__Exercise prompt__:
For the material below, reproduce exactly each line from the one that has "第六届活动于2008年12月27日在北京举行了隆重的颁奖盛典" through the one that has "Рис. 2. Ниша", and no others; pictures stay out.

__Records for processing__:

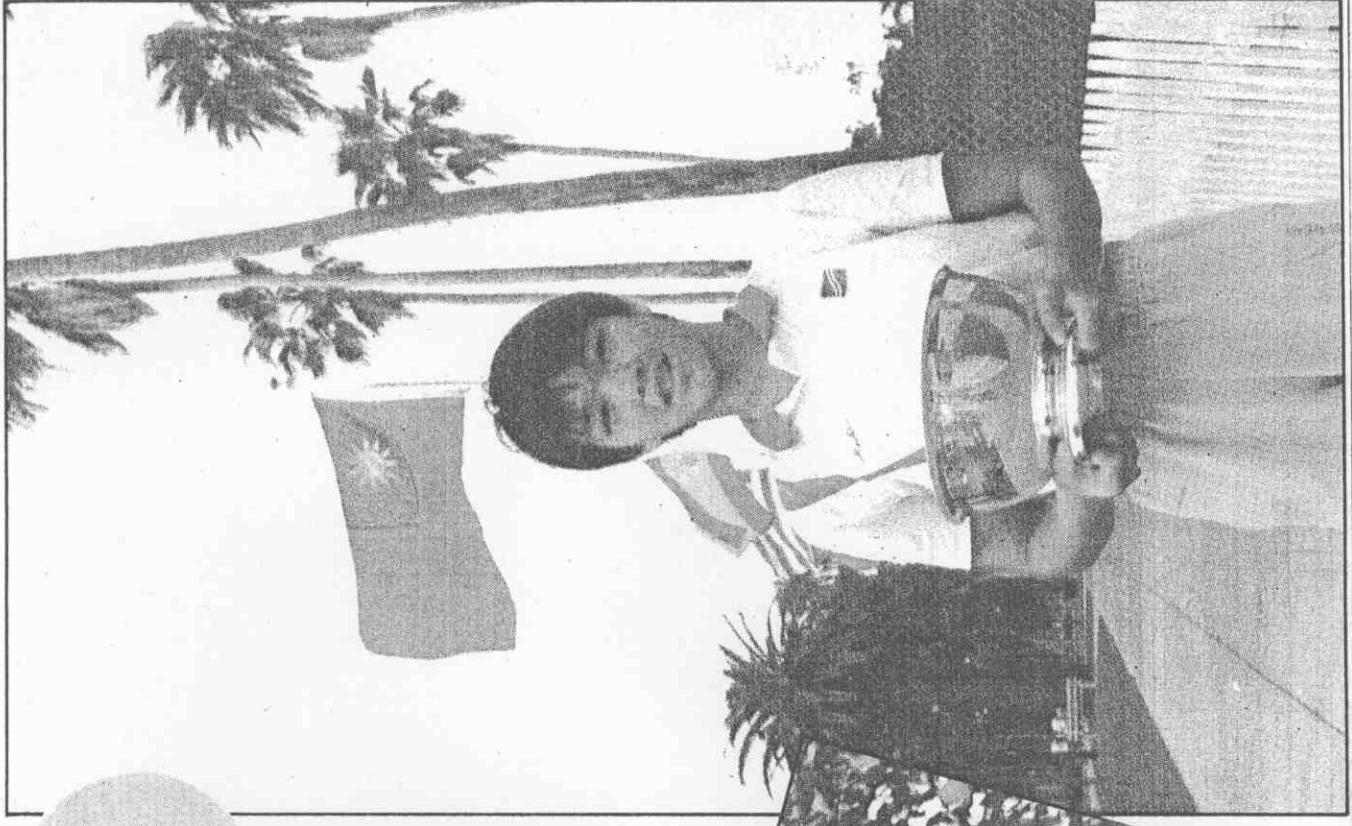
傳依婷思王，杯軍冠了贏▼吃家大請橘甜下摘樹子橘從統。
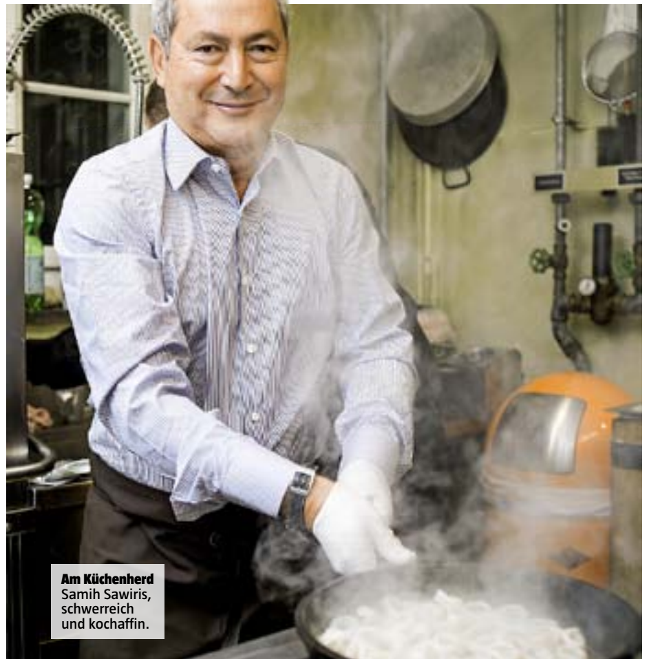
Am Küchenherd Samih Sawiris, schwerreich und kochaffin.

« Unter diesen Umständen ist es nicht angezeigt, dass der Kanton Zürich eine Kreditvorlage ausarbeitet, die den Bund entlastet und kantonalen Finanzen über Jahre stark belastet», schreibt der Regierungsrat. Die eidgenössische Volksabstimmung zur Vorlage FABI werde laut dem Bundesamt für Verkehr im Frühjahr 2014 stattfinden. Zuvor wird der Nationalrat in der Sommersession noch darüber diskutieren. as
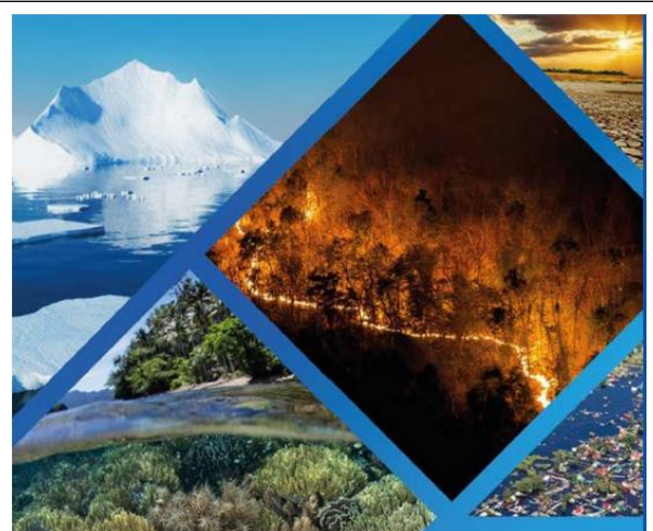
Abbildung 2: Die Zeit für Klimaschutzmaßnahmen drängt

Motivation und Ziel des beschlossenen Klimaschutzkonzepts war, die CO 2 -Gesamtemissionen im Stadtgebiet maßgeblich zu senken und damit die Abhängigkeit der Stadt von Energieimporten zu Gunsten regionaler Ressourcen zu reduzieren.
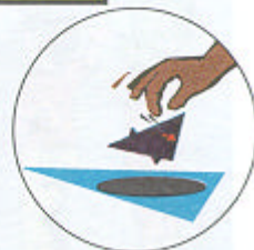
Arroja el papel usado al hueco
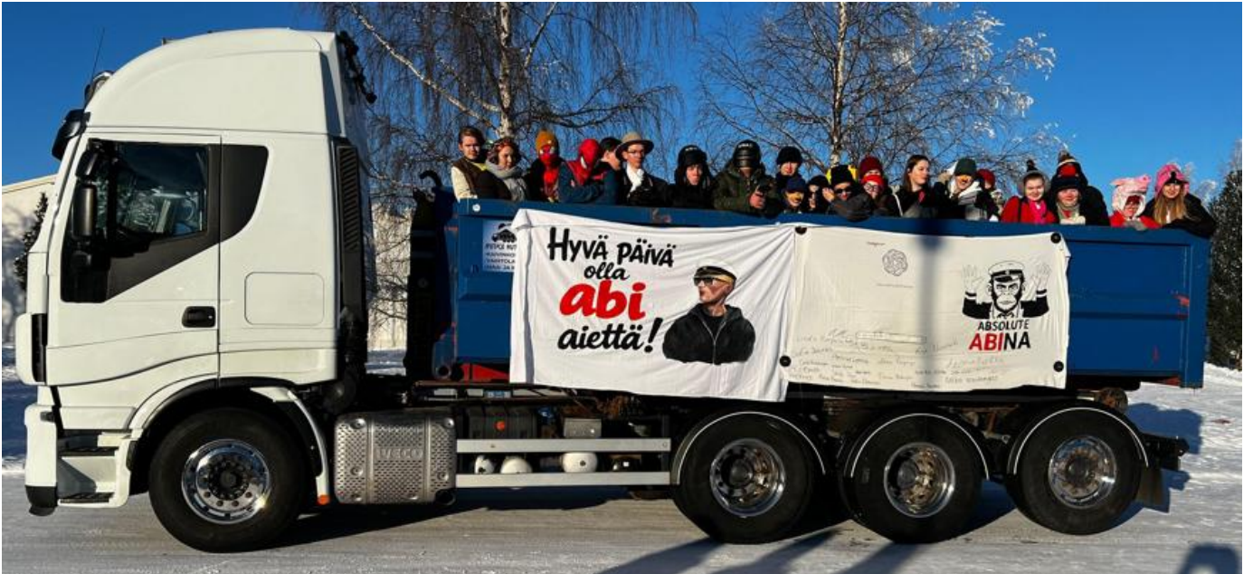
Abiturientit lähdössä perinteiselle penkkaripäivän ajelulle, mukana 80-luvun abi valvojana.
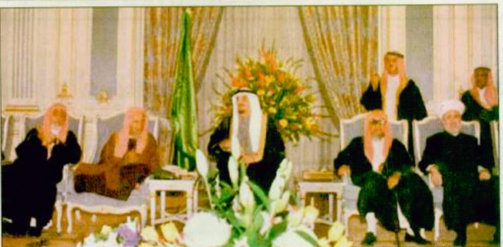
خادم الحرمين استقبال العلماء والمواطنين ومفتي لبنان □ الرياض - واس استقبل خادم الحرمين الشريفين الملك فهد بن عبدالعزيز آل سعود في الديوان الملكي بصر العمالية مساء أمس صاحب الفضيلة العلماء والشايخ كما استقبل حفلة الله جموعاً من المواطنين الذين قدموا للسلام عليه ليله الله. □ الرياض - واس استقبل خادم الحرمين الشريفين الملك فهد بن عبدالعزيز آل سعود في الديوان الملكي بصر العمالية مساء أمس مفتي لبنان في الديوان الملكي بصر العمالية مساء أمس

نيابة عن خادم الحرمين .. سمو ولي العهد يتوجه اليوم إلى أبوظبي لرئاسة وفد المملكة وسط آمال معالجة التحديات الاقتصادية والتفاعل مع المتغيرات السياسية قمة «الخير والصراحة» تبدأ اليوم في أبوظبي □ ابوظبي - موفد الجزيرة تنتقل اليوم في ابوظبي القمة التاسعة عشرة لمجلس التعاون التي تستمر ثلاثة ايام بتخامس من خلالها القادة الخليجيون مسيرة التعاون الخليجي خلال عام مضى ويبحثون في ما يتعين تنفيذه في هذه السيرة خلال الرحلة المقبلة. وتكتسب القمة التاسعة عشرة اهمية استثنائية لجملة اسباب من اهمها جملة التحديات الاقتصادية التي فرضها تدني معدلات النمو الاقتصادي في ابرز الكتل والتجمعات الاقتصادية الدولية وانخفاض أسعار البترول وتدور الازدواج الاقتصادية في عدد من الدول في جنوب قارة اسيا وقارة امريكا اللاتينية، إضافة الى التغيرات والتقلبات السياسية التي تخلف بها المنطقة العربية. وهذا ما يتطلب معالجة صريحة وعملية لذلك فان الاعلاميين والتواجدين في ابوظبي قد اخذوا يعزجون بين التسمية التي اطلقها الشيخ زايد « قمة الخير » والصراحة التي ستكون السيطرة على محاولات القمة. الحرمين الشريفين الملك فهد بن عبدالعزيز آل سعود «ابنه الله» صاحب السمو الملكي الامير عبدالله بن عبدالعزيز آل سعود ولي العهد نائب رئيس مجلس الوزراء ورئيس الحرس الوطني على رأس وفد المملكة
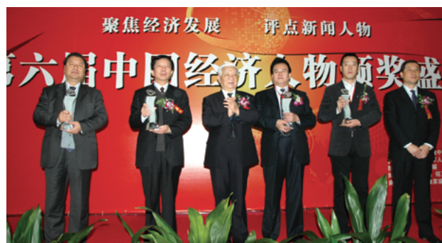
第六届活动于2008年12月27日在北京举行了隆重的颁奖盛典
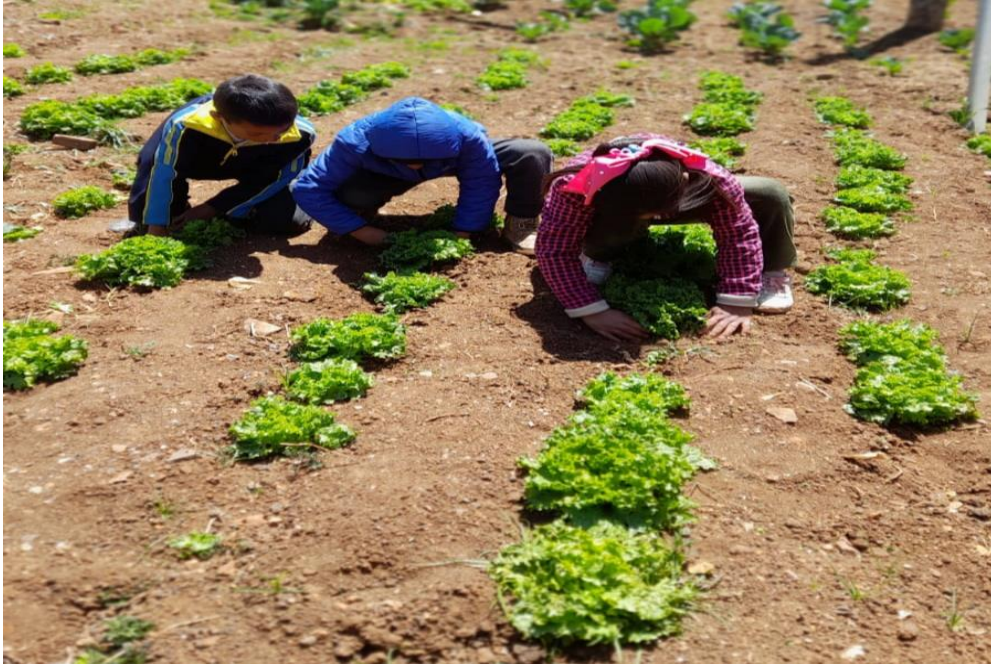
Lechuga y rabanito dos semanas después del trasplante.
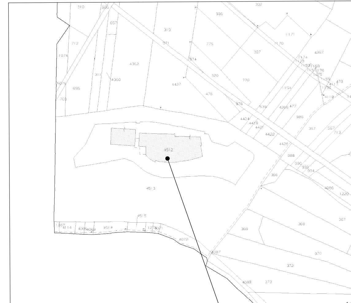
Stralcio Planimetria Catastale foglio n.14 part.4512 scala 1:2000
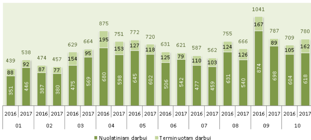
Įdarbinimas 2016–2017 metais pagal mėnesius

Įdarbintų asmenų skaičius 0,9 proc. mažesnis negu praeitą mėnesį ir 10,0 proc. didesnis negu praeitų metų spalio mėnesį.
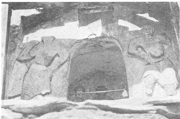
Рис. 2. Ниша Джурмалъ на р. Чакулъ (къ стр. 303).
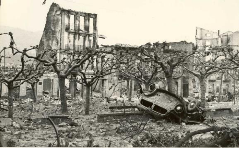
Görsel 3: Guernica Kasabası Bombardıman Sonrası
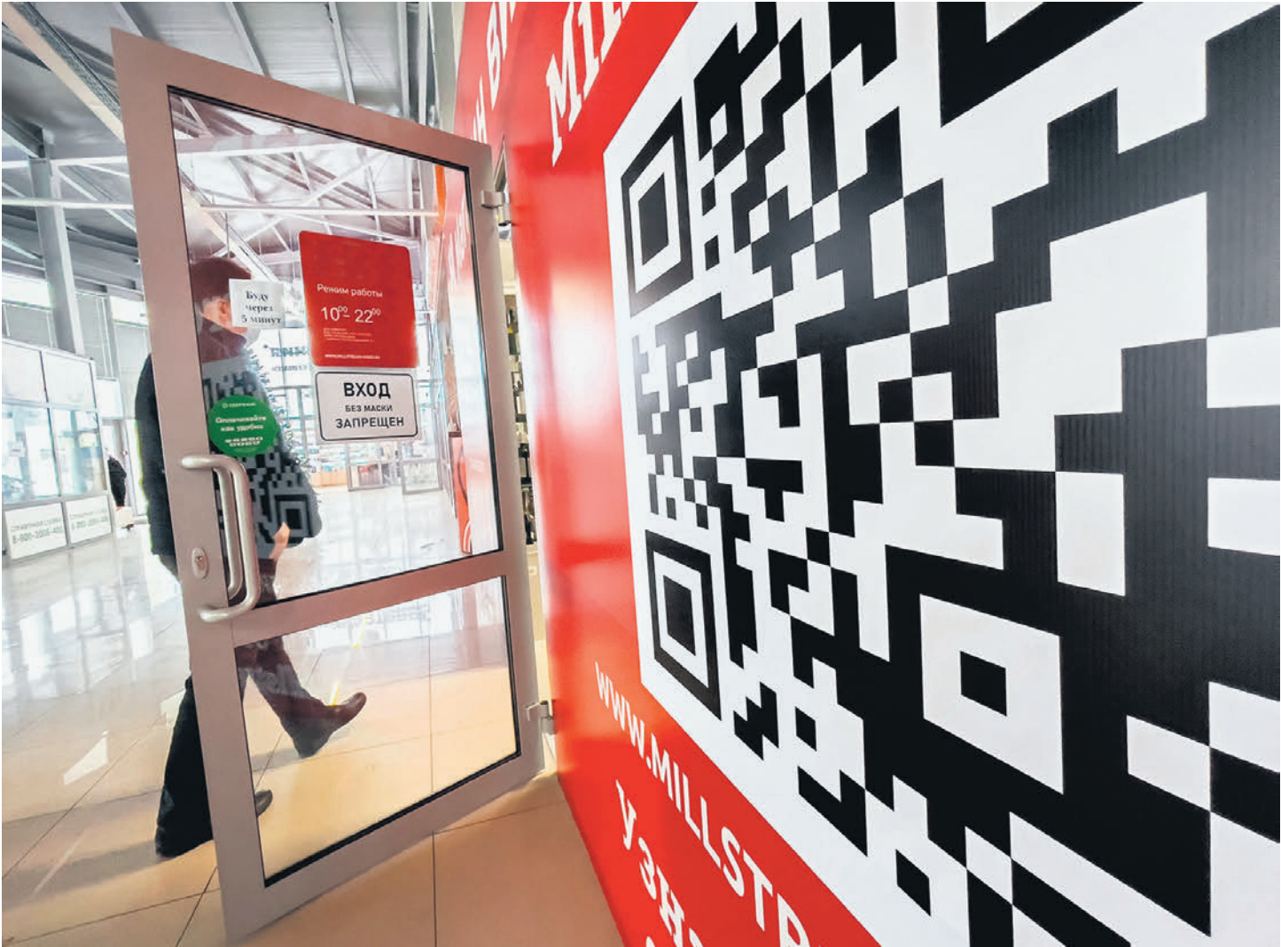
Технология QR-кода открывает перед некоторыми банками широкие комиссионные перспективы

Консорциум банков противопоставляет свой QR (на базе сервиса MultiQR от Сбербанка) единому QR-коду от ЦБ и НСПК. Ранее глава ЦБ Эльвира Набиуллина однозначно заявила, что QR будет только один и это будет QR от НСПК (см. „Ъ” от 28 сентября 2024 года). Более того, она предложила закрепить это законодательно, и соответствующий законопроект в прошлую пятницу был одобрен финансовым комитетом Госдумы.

__Answer for this exercise__:
第六届活动于2008年12月27日在北京举行了隆重的颁奖盛典
Lechuga y rabanito dos semanas después del trasplante.
Stralcio Planimetria Catastale foglio n.14 part.4512 scala 1:2000
Įdarbinimas 2016–2017 metais pagal mėnesius

Įdarbintų asmenų skaičius 0,9 proc. mažesnis negu praeitą mėnesį ir 10,0 proc. didesnis negu praeitų metų spalio mėnesį.
Рис. 2. Ниша Джурмалъ на р. Чакулъ (къ стр. 303).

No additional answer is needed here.